BEGIN Record extracts

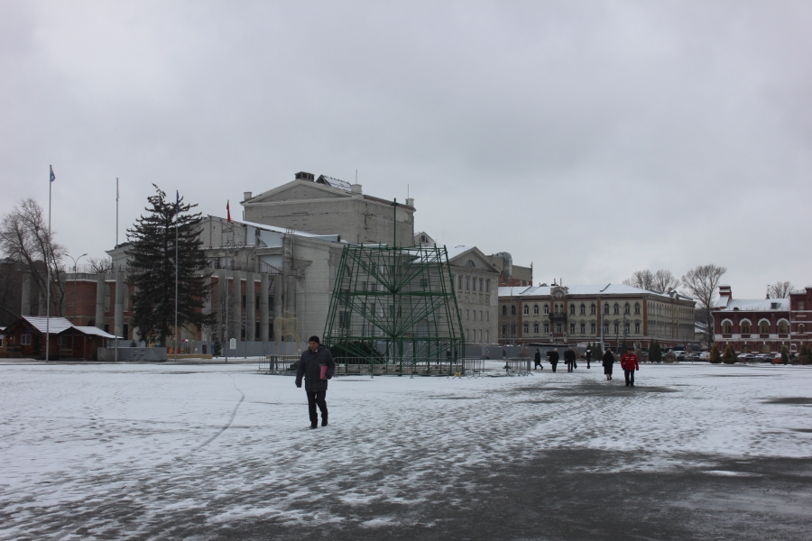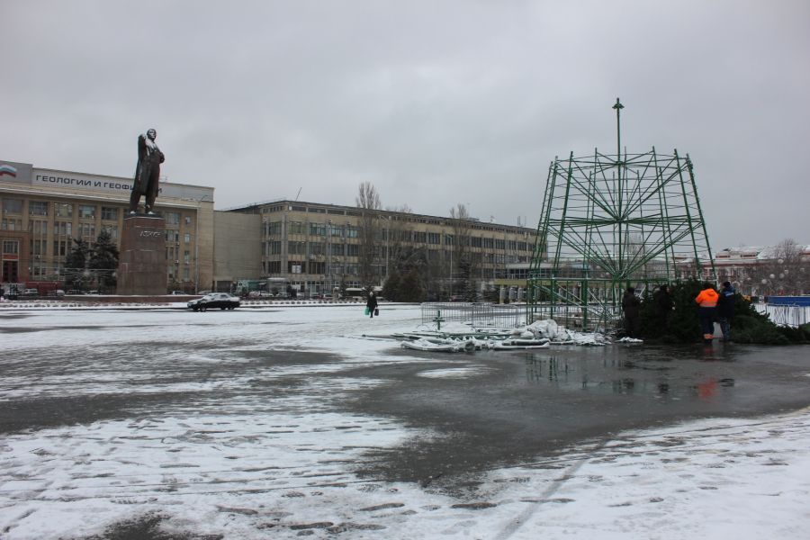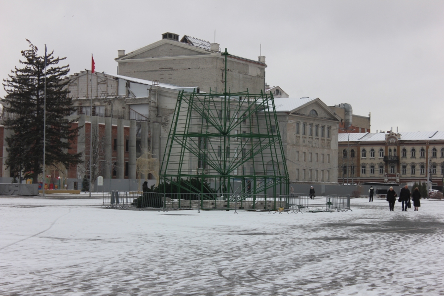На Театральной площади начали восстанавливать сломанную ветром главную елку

END Record extracts
BEGIN Record extracts

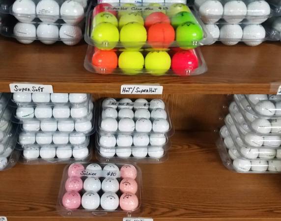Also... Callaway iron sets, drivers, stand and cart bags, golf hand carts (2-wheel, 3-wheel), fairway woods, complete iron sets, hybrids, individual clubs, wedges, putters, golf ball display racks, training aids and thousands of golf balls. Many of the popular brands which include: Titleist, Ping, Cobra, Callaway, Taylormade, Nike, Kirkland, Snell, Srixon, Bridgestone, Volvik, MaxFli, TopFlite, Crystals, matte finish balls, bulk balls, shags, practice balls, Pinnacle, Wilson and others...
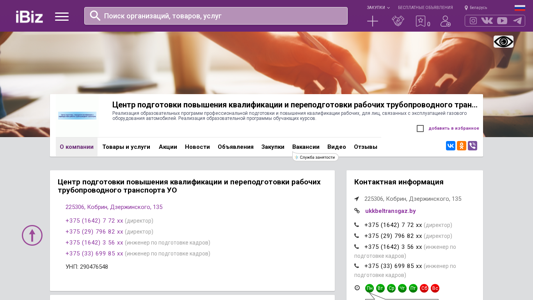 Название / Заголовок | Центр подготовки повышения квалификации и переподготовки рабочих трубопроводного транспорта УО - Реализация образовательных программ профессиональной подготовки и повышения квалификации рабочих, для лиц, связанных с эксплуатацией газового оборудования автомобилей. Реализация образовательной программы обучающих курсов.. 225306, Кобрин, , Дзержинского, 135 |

END Record extracts

The problem: In the data above, retype only the stretch from the line with "Also... Callaway iron" through the line with "Название / Заголовок", word for word, and skip any pictures.

Your response:
Also... Callaway iron sets, drivers, stand and cart bags, golf hand carts (2-wheel, 3-wheel), fairway woods, complete iron sets, hybrids, individual clubs, wedges, putters, golf ball display racks, training aids and thousands of golf balls. Many of the popular brands which include: Titleist, Ping, Cobra, Callaway, Taylormade, Nike, Kirkland, Snell, Srixon, Bridgestone, Volvik, MaxFli, TopFlite, Crystals, matte finish balls, bulk balls, shags, practice balls, Pinnacle, Wilson and others...
 Название / Заголовок | Центр подготовки повышения квалификации и переподготовки рабочих трубопроводного транспорта УО - Реализация образовательных программ профессиональной подготовки и повышения квалификации рабочих, для лиц, связанных с эксплуатацией газового оборудования автомобилей. Реализация образовательной программы обучающих курсов.. 225306, Кобрин, , Дзержинского, 135 |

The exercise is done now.